While the merger of Vodafone’s India operations with Idea Cellular could strengthen the situation of the companies in a scenario where the entire tariff paradigm has been challenged by a new entrant, both the operators have also indicated that the deal could catalyse investments from the companies into newer technologies for data services. “The combination of the two companies’ networks and spectrum holdings, together with continued investment, will accelerate the pan-India expansion of wireless broadband services on 4G/4G+/5G technologies to build capacity, supporting the expansion of digital content and IoT (internet of things) services and delivering a world-class broadband experience to customers,” the companies said in a statement.

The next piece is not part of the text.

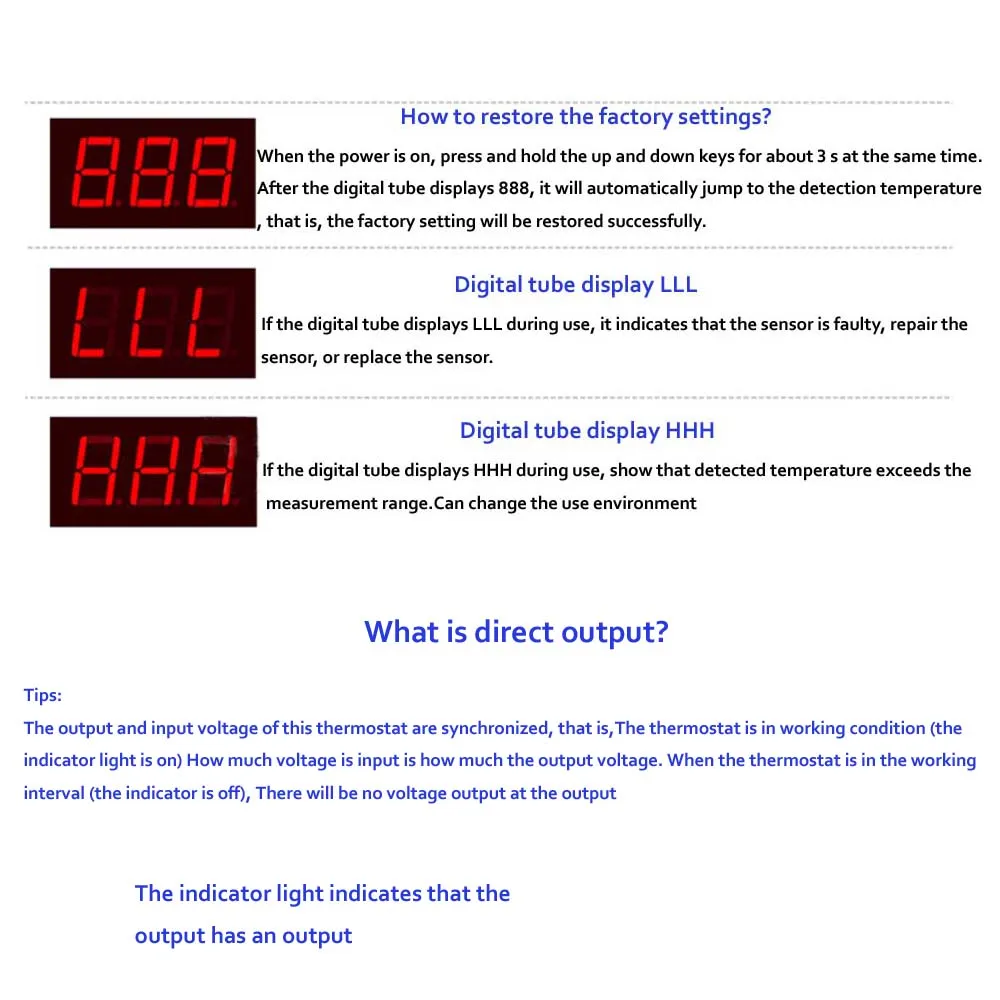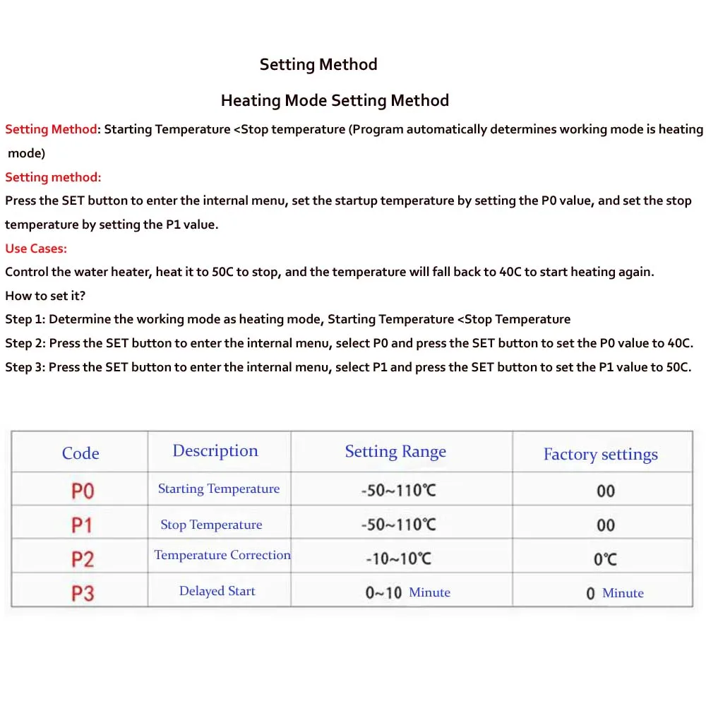 Запуск задержки настройки P3: Введите внутреннее меню таким же образом, переключитесь в P3, нажав кнопку вверх/вниз, нажмите кнопку настройки снова и установите Требуемое время задержки (минуты) нажимая кнопки вверх/вниз. При установке режима нагрева, если вы случайно инвертируете установленное значение температуры, Выходной индикатор не включит светильник, нагрузка не будет работать, если вышеуказанные условия появятся после завершения настройки, вы можете проверить, соответствует ли критическое значение температуры или нет.

If India were to follow the footsteps of the West, the next wave of consolidation could be seen in form of telecom operators acquiring media companies to have control over the content offerings. This has been made evident not only by AT&T’s proposed acquisition of Time Warner, but also by content companies such as Google, Facebook, and Amazon getting into the business of providing internet access. This activity in the US provides insights for regulators here to prep themselves for such a potential consolidation drive. “Few regulators have the tools or the experience to properly oversee the smooth functioning of modern electronic communications service markets and we believe there should be a concerted effort by these agencies to catch up in 2017,” BMI Research said in an article.
“The FCC itself can be considered unfit for purpose in the broadband era, where it has singularly failed to promote or develop competition at the market or state level; in many parts of the US, choice is limited to one provider and where such providers’ own traffic/services are increasingly being sidelined by external network-agnostic service providers,” the article noted.